In this chapter, we're going to implement background jobs into our project. Let's start by completing these three webhook events from our previous webhook implementation. So right now I don't have anything running and I am on my main branch. I'm going to go inside of source app API webhook route dot ds and the first thing I want to add is call session ended. So let's go ahead and add an else if here Event type is equal to call session ended.
And inside of here, I want to get the event as call ended event, which we can now uncomment, as well as these two. And we can get the meeting ID from call custom because this is a call event. This was a session participant event. So that's why we had to do a different way of grabbing the meeting ID. But in here, we can use our custom field and check if it's missing and throw an error.
And if it is actually finished and we have the meeting ID, we can go ahead and update that meeting to be processing and give it the ended at date. And only do that if we have a matching meeting ID and the meeting status is active. So in case this fires twice, we don't want to add new ended at date here. We can only do it once. So we are only doing it for a meeting which was currently set to active and now it's set to processing.
So that's one event down. Now let's do a transcription ready and call recording ready. So let's start with the transcription ready event. Else if event type is equal to this. So in here we have to do the same thing get the event payload as call transcription ready event and get the meeting ID using the call CID and split because of the specific format here.
And then in here, we're going to go ahead and we are going to update the meeting with the new transcript URL. So updated meeting and set transcript URL to be event call transcription dot URL, where we have a matching meeting ID here. And then I'm going to add to do call ingest background job to summarize the transcript Like that. So what we can do here for now is check if there is no updated meeting, and then we can simply throw an error like we did in the previous instances. Meeting not found.

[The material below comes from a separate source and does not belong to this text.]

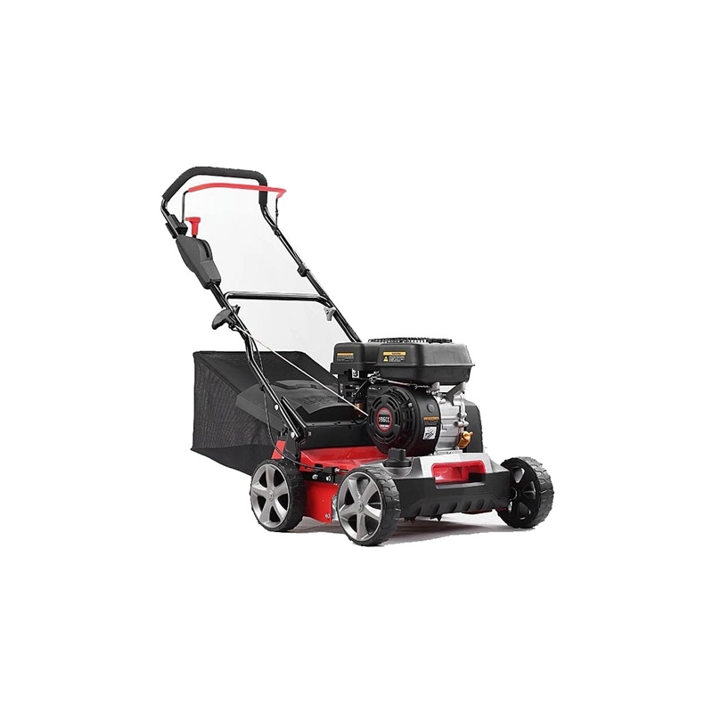 Arieggiatore a spinta con motore OHV da 212cc. a benzina. Sacco di raccolta da 45 lt. Larghezza di lavoro 40 cm. Dotato di 18 lame e 24 molle. Scocca in lamiera. Ruote da 210 mm.
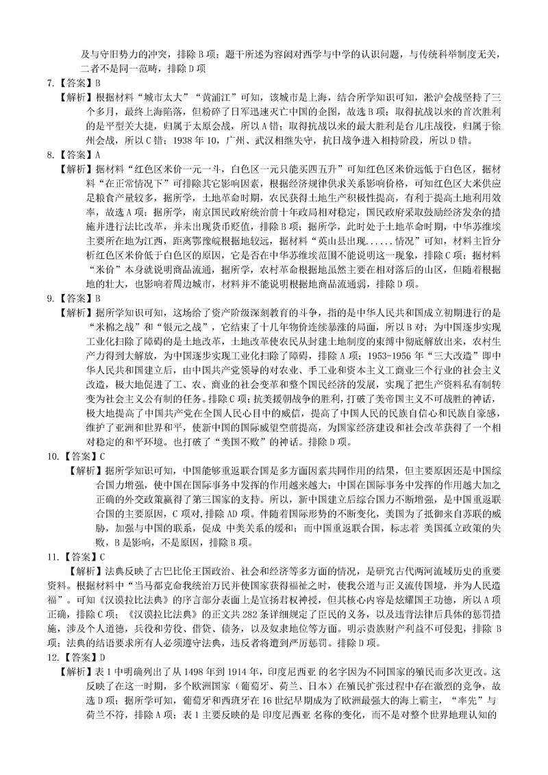 历史试题及答案解析

And let's do a 404 here. And let's go ahead and do one more event. So we can actually copy everything from here. And let's do else if event type is call.recording underscore ready. You can go ahead and paste everything inside of here and this will be the call recording ready event meeting ID will be accessed the same way.
And in here, you won't have to actually return this at all. Just go ahead and update and set the new call recording URL. So these events will only fire the call recording ready and the transcription ready if in the meeting procedures you enabled the transcription to be auto on and recording auto on. Otherwise these events will not fire at all. So what I suggest you do now is go inside of your Neon Console, Tables, Meetings here and delete all of your meetings.
Make sure you have a clean slate here. Then go ahead and do npm run dev and npm run dev webhook. So you have a webhook running. Now let's go ahead and refresh and I'm going to create a new meeting here. Okay, so I just created a new meeting and I'm going to start the meeting and I will have just a quick conversation with the math tutor which should join any second.
And now that it has answered my question, I will simply end the call. And I will go back to meetings here and you can see that now this is actually set to processing because it actually captured my call session ended and it set it to processing here And what should be happening now is I should be receiving my transcription ready and recording ready events. And I should be able to see that in here. If it's finished, I can see the transcript URL and the recording URL. So in the transcript URL here, you can see what we talked about, right?
And in the recording URL, you will be able to see the actual recording of the event. Perfect, so both of these are actually working. Looks like we have successfully created recording ready and transcription ready events. Now that we have finished all of our webhook events, let's go ahead and let's implement a proper background job by configuring Ingest. So you can use the link in the description to let them know you came from this video.
And now let's go ahead and let's go inside of documentation, get started. You won't even need to create an account. So let's go inside of Next.js here. Make sure you select the app router. So in here I already have my app running so no need to do that but let's go ahead and let's install Ingest.
So I'm just going to go ahead and do that here and I will just add legacy peer depths so it doesn't fail with the installation. Now that I have installed it, let me show you the version. So 3.37.0 just for your information. And now let's run the Ingest dev server. So I'm gonna go ahead here and I will have it running the same way I have my webhooks running.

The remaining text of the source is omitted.